Понимаете, я сам стал христианином задолго до конца большевистской власти. Тогда очень многие за границей и в Советском Союзе говорили, что Русская православная церковь – это филиал КГБ и вообще там никакого бога нет. Я опытно знаю, что это совершенно неправильно, что и в те времена были прекрасные священники, хорошие епископы. Их было немного, но они были. И в конечном счете мы все пришли в церковь не ради КГБ, а, наоборот, против. Мы пришли ради бога, чтобы быть с богом, чтобы общаться с ним. То же самое, я думаю, происходит и сейчас. Церковь намного больше политики, это надо всегда понимать и никогда об этом не забывать. Подавляющее большинство верующих в России – это люди, которые сейчас ищут решение своих личных проблем – проблем, может быть, экзистенциальных, может быть, психологических. Им совершенно наплевать на всю церковную политику. Я знаю, что очень много людей среди клира, то есть священников и епископов, тяготятся нынешним политическим положением церкви как союзницы и подпорки Путина и живут совершенно другой жизнью. Мне известны эти люди. Письмо 300 священников – это только капля в море, потому что большинство все-таки не решаются активно действовать. Но и их молчание тоже многозначно. Что касается патриарха и руководства церкви в целом (хотя есть исключения), это, безусловно, люди, которые решили служить режиму, а не Христу, и это страшная беда – страшная беда для них, но не для церкви. Я уверен, что как только кончится этот политический режим путинский, рухнет и власть патриарха Кирилла. В Русской церкви соберется собор, и будут не только избраны новые люди, но и определены новые принципы жизни церкви – надеюсь, более близкие к Московскому собору 1917–1918 годов, более демократические, более открытые. А пока должен сказать, что есть целый ряд епископов – правда, за границами России, но принадлежащих Московскому патриархату, – которые решительно выступили против войны в Украине и против политической позиции патриарха Кирилла. Среди них, собственно, наиболее заметной личностью является митрополит Иннокентий Виленский и Литовский, ваш сосед, который в двух заявлениях (17 марта и 18 апреля) очень четко подчеркнул, что он и православная церковь в Литве выступают категорически против войны, поддерживают Украину и считают позицию патриарха Кирилла его личным политическим мнением, не имеющим никакого отношения к позиции церкви.
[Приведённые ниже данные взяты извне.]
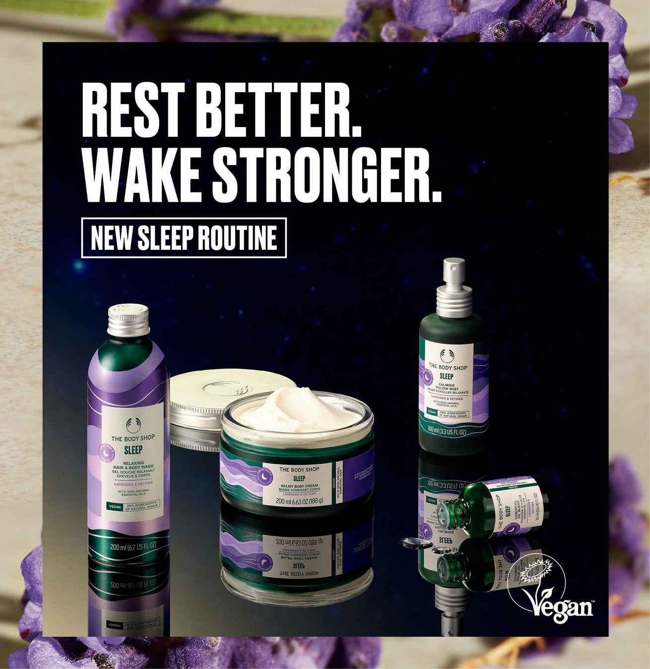 変化や混乱が続く中でウェルビーングを維持するには、意識的に心や体を緩めてリラックスすることが必要になります。ザボディショップが考える「ウェルネス」とは、自分自身が最も持続可能な状態にあることです。それは、私たちが伝えてきたセルフラブにも繋がります。そこで私たちは、健やかに充実した日々を過ごす上で重要な3つのルーティンを定義しました。それは、「休息をとること」「エネルギーを高めること」「呼吸を整えること」。「ウェルネス」の3シリーズは、このウェルネスルーティンを天然のエッセンシャルオイルの力でサポートします。
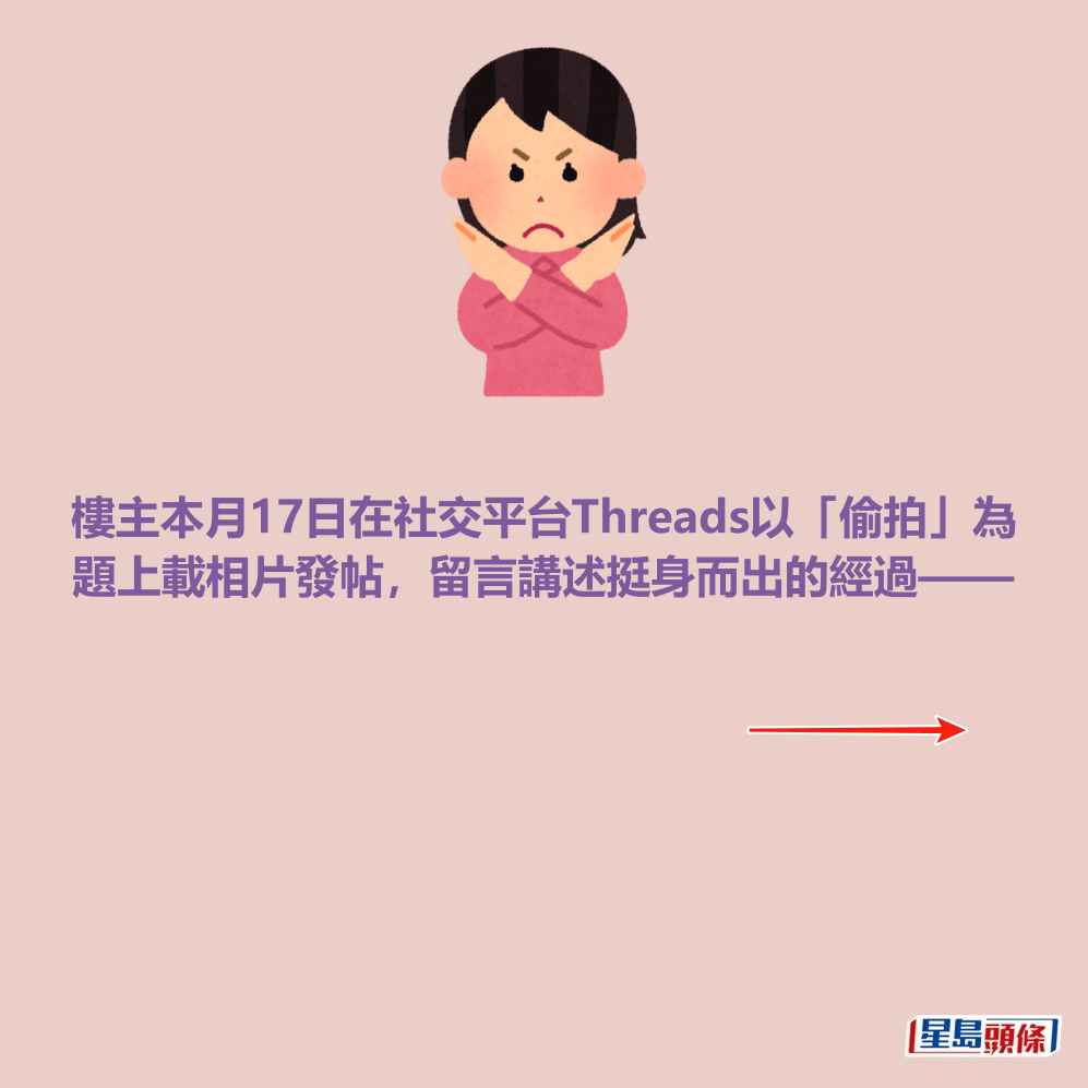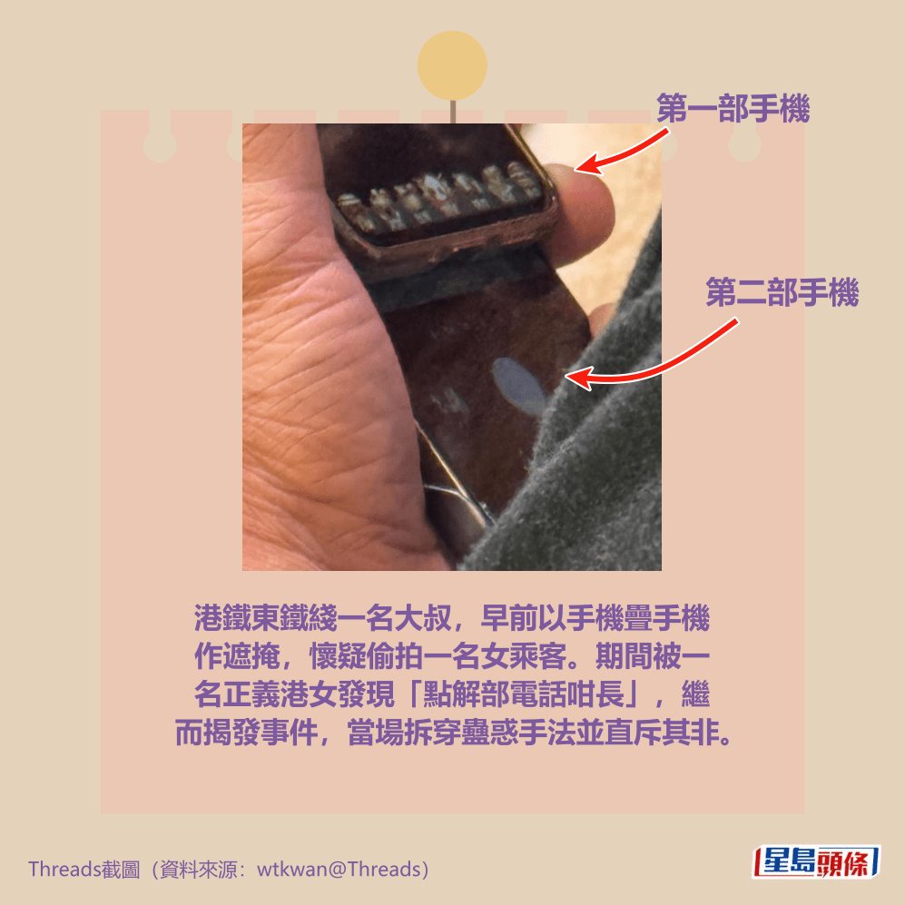 樓主本月17日在社交平台Threads以「偷拍」為題上載相片發帖,留言講述挺身而出的經過——「偷拍真係零容忍!!!!啱啱喺東鐵見到個阿叔打機但點解部電話咁長,本身死八婆嘅我望到佢下面仲有部電話!偷影緊前面個女仔!!!!我影低個阿叔先費事佢一陣話我屈佢」。

Но вы ведь не сможете не согласиться, что в самой восточной церкви, и в частности, в Русской православной церкви, есть нечто, что тяготеет к сотрудничеству или даже какому-то поклонению государственной и мирской власти?

Нет. Это было в период абсолютизма. Этого не было в период, скажем, когда были княжества, когда Русь еще не была единым централизованным государством. И это отсутствует, естественно, в русском зарубежье. Это особенность именно абсолютизма. Политическая власть имеет рычаги подавления, понимаете? И не только церковь, но абсолютно всё ею подавляется. В конце концов, даже у католической церкви – что уж ходить далеко! – с императором Наполеоном были сложные отношения. Папа был вынужден венчать Наполеона на царство, потому что французские войска стояли в Риме. Эти войска вообще страшная сила. Чтобы противостоять силе физической, войскам, тайной полиции, надо быть готовым на исповедничество, на мученичество. Далеко не все в церкви на это готовы, как и далеко не все на это готовы в обществе – в политическом плане. Поэтому в православной церкви нет ничего такого, что бы в большей степени побуждало ее к этому, чем в лютеранской или католической. Разве только то, что православные церкви организованы по государственной границе. Это такая традиция, она неправильная, но она есть. Греки, скажем, говорят «православная церковь в России», а не «Русская православная церковь». А часть единой православной церкви, которая находится в России, управляется патриархом. Сталин создал церковь именно русскую, со странным титулом патриарха – Патриарх Московский и всея Руси. Непонятно, какой Руси и чего. Это было сделано не случайно, а чтобы церковь в России полностью подчинялась коммунистам, подчинялась КГБ. Ну не полностью. Как я уже говорил, очень многие, внешне соглашаясь на сотрудничество (иначе просто нельзя было стать даже священником, тем более епископом), продолжали на самом деле служить Христу, помогать людям приходить к вере и идти путем веры. Так что ничего такого особенного в православии, что бы сделало его сервильным перед государством, нет. Есть общечеловеческий страх перед властью и желание сотрудничать с властью, чтобы получить деньги.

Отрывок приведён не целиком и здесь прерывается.